Jakarta, Netral.co.id – Kementerian Keuangan (Kemenkeu) mencatat Anggaran Pendapatan dan Belanja Negara (APBN) 2025 mengalami defisit sebesar Rp 31,2 triliun atau 0,13% terhadap Produk Domestik Bruto (PDB) pada Februari 2025.
Angka ini melebar jika dibandingkan angka defisit Januari 2025 yang sebesar Rp 23,5 triliun atau 0,10% terhadap PDB.
Kondisi ini juga berbeda jika dibandingkan kondisi APBN pada Februari 2024 yang mengalami surplus Rp 26 triliun atau 0,11% terhadap PDB.
Defisit APBN ini disebabkan karena pendapatan negara yang lebih rendah dibandingkan kebutuhan belanja negara yang meningkat.
“Jadi ini defisit 0,13% masih di dalam target desain APBN 2025 yaitu 2,53% dari PDB yaitu Rp 616,2 triliun,” ujar Menteri Keuangan Sri Mulyani dalam Konferensi Pers APBN Kita di Jakarta, Kamis 13 Maret 2025.
Baca Juga : Investor Waspada, Realisasi APBN 2025 Diduga Alami Tekanan
Tercatat, pendapatan negara per akhir Februari 2025 mencapai Rp 316,9 triliun atau setara 10,5% dari target sebesar Rp 3.005,1 triliun.
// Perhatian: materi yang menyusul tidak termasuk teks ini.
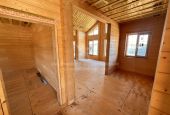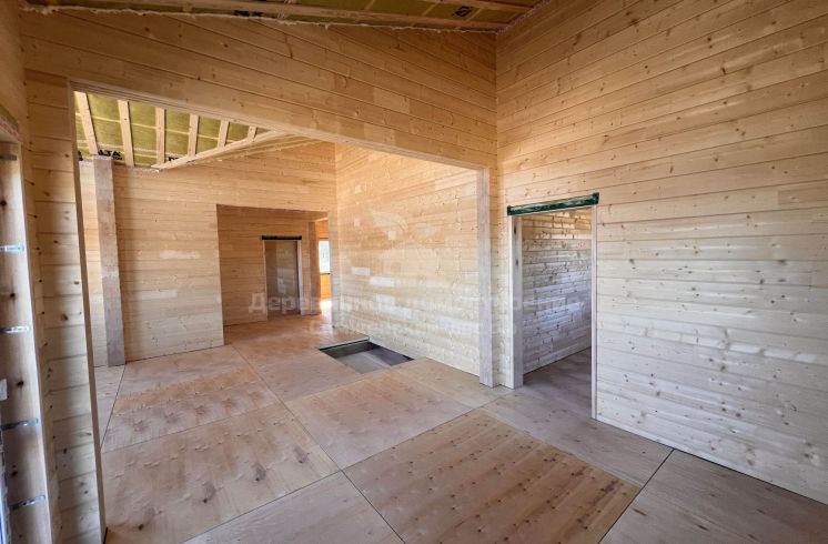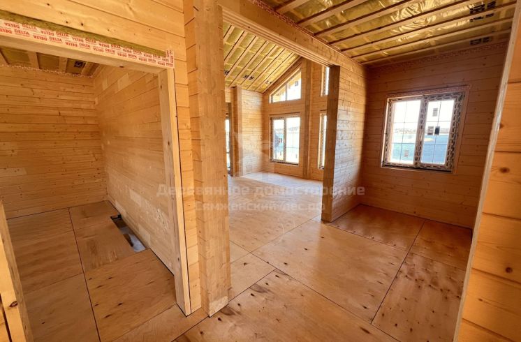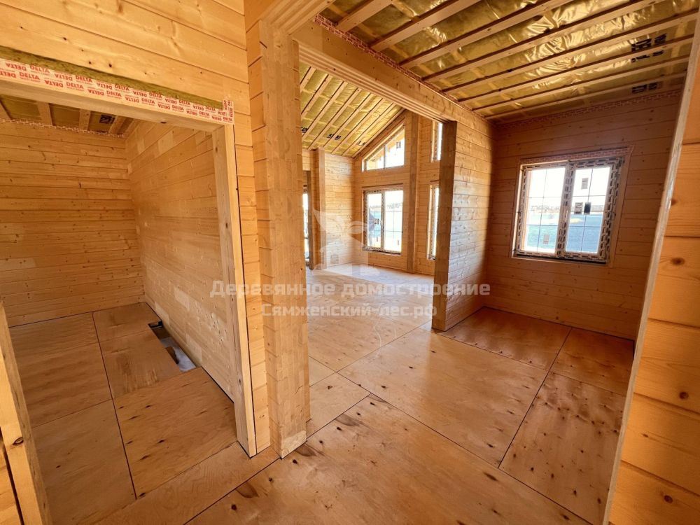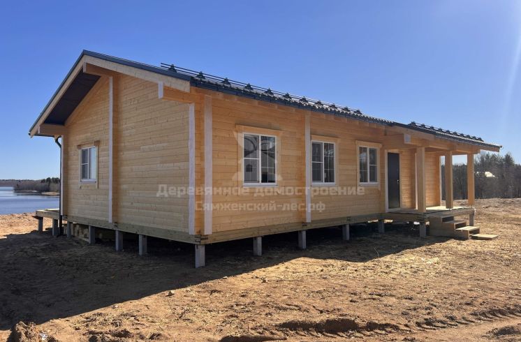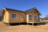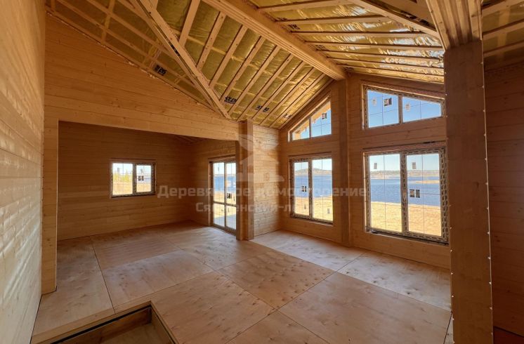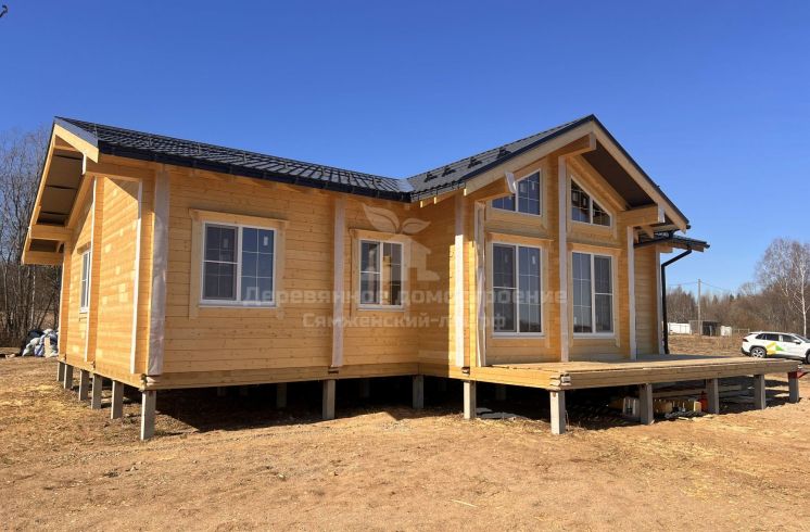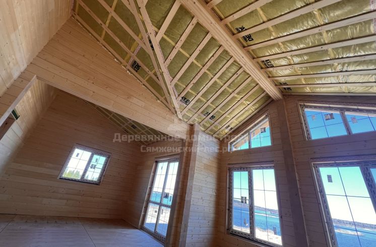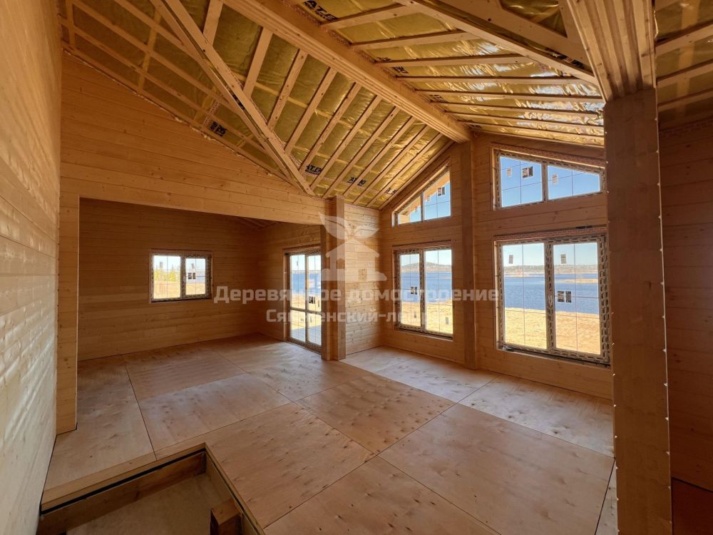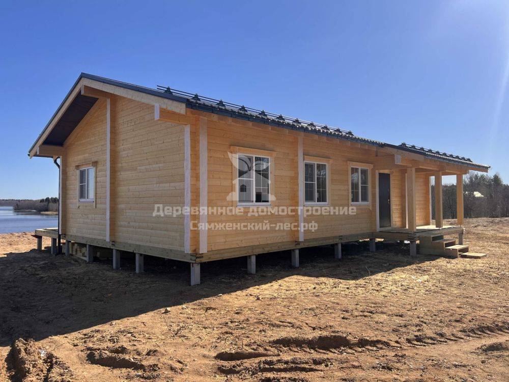 Фундамент выполнен на железобетонных сваях. Сборка дома велась в сложных погодных условиях, включая сильный ветер, но все работы были завершены в течение 2 месяцев.

Sementara itu, realisasi belanja negara mencapai Rp 348,1 triliun. Realisasi ini setara 9,6% dari target APBN 2025 sebesar Rp 3.621,31 triliun.
Dengan kinerja APBN tersebut, keseimbangan primer masih mencatatkan surplus sebesar Rp 48,1 triliun. Serta, di sisi pembiayaan anggaran realisasinya mencapai Rp 220,1 triliun atau 35,7% dari target.
Sebelumnya, Sri Mulyani menyebutkan berulang empat kali pentingnya pertumbuhan ekonomi dari sektor pertanian.
Salah satunya adalah bagaimana peran belanja alat pertanian dan kebutuhan pertanian lainnya di seluruh Indonesia dari berbagai negara salah satunya Amerika Serikat.
“Nah konteksnya ini, bagaimana alat pertanian dari sejumlah negara seperti Amerika Serikat dan negara lainnya, menaikan pajak dan pengaruh terhadap ekonomi kita,” kata Sri Mulyani melalui siaran pers, Kamis, 13 Maret 2025.
Sri Mulyani menilai kita melihat bagaimana sejumlah negara besar seperti Amerika Serikat dan pengaruh pajak hampir semua transaksi termasuk, besi, tembaga, nikel bahkan baru bara.
“Inilah yang kita melihat bagaimana perang dagang melemahkan harga-harga temasuk harga minyak, dan harga yang lainnya,” lanjut Sri Mulyani.
Namun, saat ini sampai saat ini belum ada gejolak yang luar biasa bahkan di Bulan Ramadan ini.
“Iya memang ada seperti cabai. Ayam dan lain-lainnya tidak mengalami kenaikan. Ini adalah trand baik untuk ekonomi Indonesia,” pungkasnya.